December 22, 2024
ART SEEN

Glimpses of nature ‘Courting Spring’ gives hope that winter’s end approaches

“Courting Spring,” visual art in multimedia by Annaliese Hood, sculpture by Christina Rioux, and photographs by Aquelidio Rodrigues; By Design, 20 Harlow St., Bangor.

Offer truth with every gesture …” begins a words-and-watercolor piece by Annaliese Hood. So she does, in a varied exhibit in the rear room of By Design, a fairly new gallery in downtown Bangor.

A writer who spent 25 years in Boston, and then 25 years on 40 acres “on a dirt road in northern Maine,” Hood now makes her art in Bangor.

Each piece is unique, from a frame of pressed flowers to “Dancerwoman,” a pair of free-spirited females crafted from coppery wire.

A tree is made from small ferns and handmade papers, but how’d she get the trunk to look like that? The wonderful rusty color is, well, rust.

Hood says her work originates in relationships, and that’s clear in her images of growth and life, in her writings about her children.

In the next room, big birds hold court. “Curiosite” is 8 feet tall, while “Fache” – Anger – stands 6 feet.

It’s quite all right to stand nose-to-nose and look up their spoonbill noses to topknots based on the African secretary bird.

The nubbly legs are modeled on the blue heron, parts of the imaginary creatures that spring from the mind of sculptor Christina Rioux, the Bangor woman who crafts them by welding half-inch steel rods.

Rounding out the exhibit are “Shadows and Reflections,” a series of photographs by Aquelidio Rodrigues.

Quotes from Manuel Fortuna accompany the display, including the apt phrase “lake of illusions.”

Indeed, greens and golds shimmer and ripple across the blue water.
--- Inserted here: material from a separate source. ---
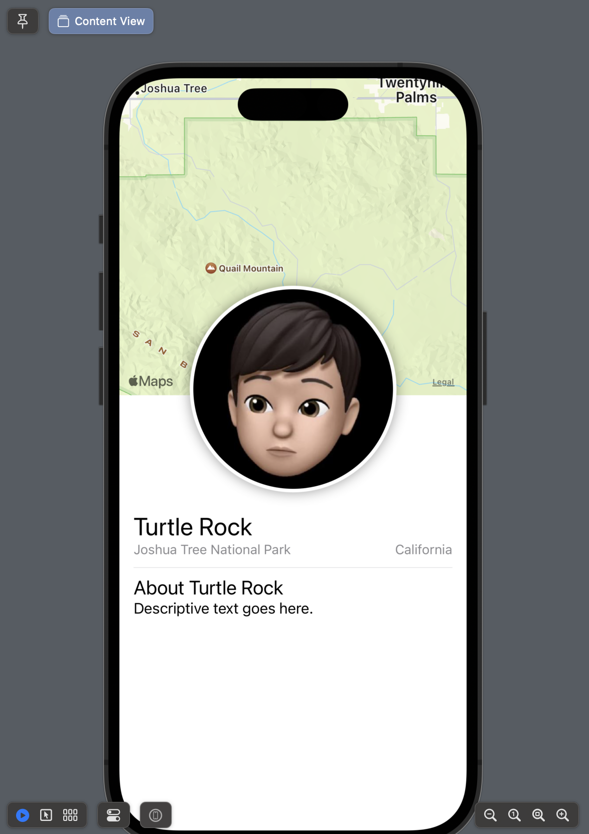 import SwiftUI import MapKit struct MapView: View { @State private var region = MKCoordinateRegion( center: CLLocationCoordinate2D(latitude: 34.011_286, longitude: -116.166_868), span: MKCoordinateSpan(latitudeDelta: 0.2, longitudeDelta: 0.2) ) var body: some View { Map(coordinateRegion: $region) } } struct MapView_Previews: PreviewProvider { static var previews: some View { MapView() } }Section 6. Compose the Detail View

In the black-and-white images, framed in a variety of media, the ripples resemble pummeled metal.

The exhibit will run through May 8. By Design is open 10 a.m.-4 p.m. Tuesday-Friday and by appointment Saturday. 947-0077

“Related and Unrelated Figurative Sculpture,” sculpture by Rick Beckjord, Robert H. White Gallery, Peabody Hall, Husson College, Bangor.

The small gallery on the bottom level of Peabody Hall would seem to contain pieces by several sculptors.

The photographic prints of jellyfish seem far removed from the abstract terra cotta piece based on the same marine animal. Is the black mouse made of plaster really by the same artist as the squirrel in bronze? And what is that owl looking at?

Follow the owl’s eye, and find out for yourself that it is the works based on people that come amazingly to life in Rick Beckjord’s hands. The owl gazes at a wonderful nude sculpture in aquaresin of a woman with a most expressive face.

A very different sculpture is of a grandfather in cherry wood, one foot forward and head flung back, arms full of baby.

“Genre Scene” is another terra cotta piece, this one of a woman holding a bowl full of plucked chicken as she twists away from the dog trying to get at the food.

The most compelling pieces may be the three versions of a mother and her two little boys.

In one corner of the room is the bronze “Study for Mother,” about a foot in height. The baby in her arms looks forward, one hand flung into the air, while big brother stands behind the pair with his legs tangled among his mother’s and one hand on the baby’s foot.

In the opposite corner is “Pioneer Mother” in plaster, 3 feet high. This time the baby looks over his mother’s shoulder at his brother.

In the center of the room, standing more than 6 feet tall, is the piece sculpted in sycamore wood. This mother is Asian, and the older boy leans on her.

Visitors to the gallery will find themselves studying the sculptures from different angles, the better to ponder Beckjord’s intentions.

The exhibit will run through April 15 at Peabody Hall.